Your goal: Transcribe the full listing below, word for word, without pictures.

Data shown:

::::::

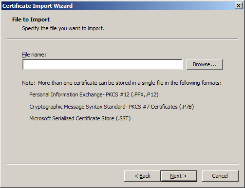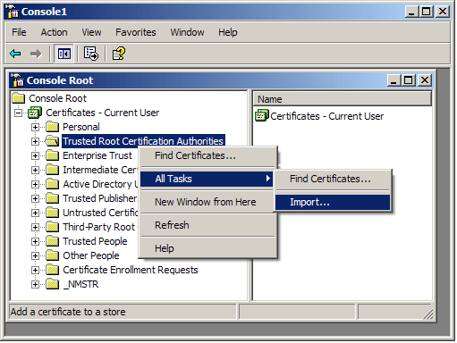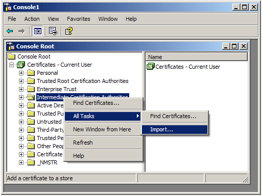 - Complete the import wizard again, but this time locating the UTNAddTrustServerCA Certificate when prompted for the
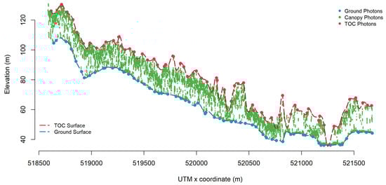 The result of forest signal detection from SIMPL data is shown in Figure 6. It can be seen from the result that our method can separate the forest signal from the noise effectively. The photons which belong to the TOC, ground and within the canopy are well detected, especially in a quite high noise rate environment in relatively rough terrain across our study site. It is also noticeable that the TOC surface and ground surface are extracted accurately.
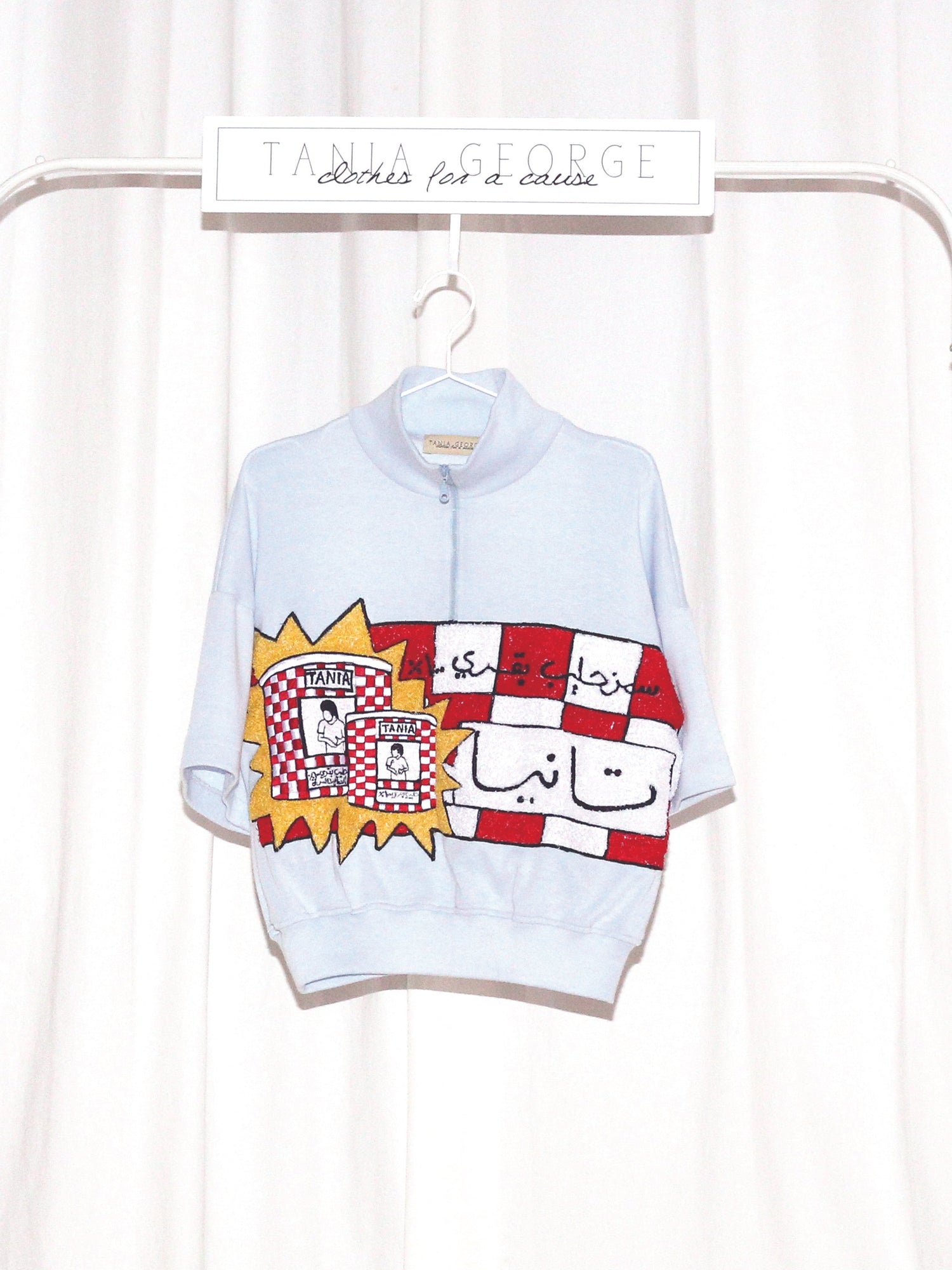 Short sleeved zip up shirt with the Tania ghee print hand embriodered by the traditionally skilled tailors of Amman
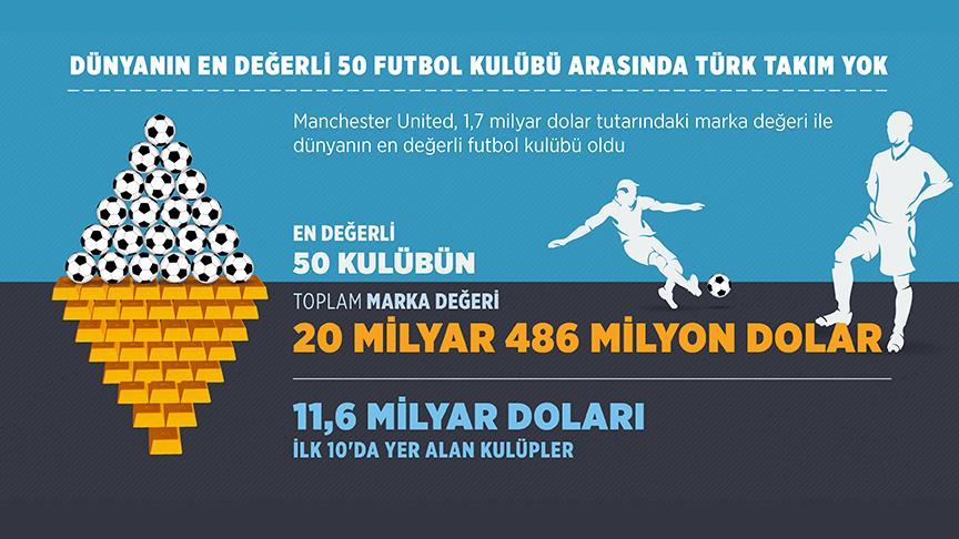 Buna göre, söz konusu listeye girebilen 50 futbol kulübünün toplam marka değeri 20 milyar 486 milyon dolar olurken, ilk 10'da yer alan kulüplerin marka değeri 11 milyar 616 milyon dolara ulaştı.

::::::

Answer to the exercise:
 - Complete the import wizard again, but this time locating the UTNAddTrustServerCA Certificate when prompted for the
 The result of forest signal detection from SIMPL data is shown in Figure 6. It can be seen from the result that our method can separate the forest signal from the noise effectively. The photons which belong to the TOC, ground and within the canopy are well detected, especially in a quite high noise rate environment in relatively rough terrain across our study site. It is also noticeable that the TOC surface and ground surface are extracted accurately.
 Short sleeved zip up shirt with the Tania ghee print hand embriodered by the traditionally skilled tailors of Amman
 Buna göre, söz konusu listeye girebilen 50 futbol kulübünün toplam marka değeri 20 milyar 486 milyon dolar olurken, ilk 10'da yer alan kulüplerin marka değeri 11 milyar 616 milyon dolara ulaştı.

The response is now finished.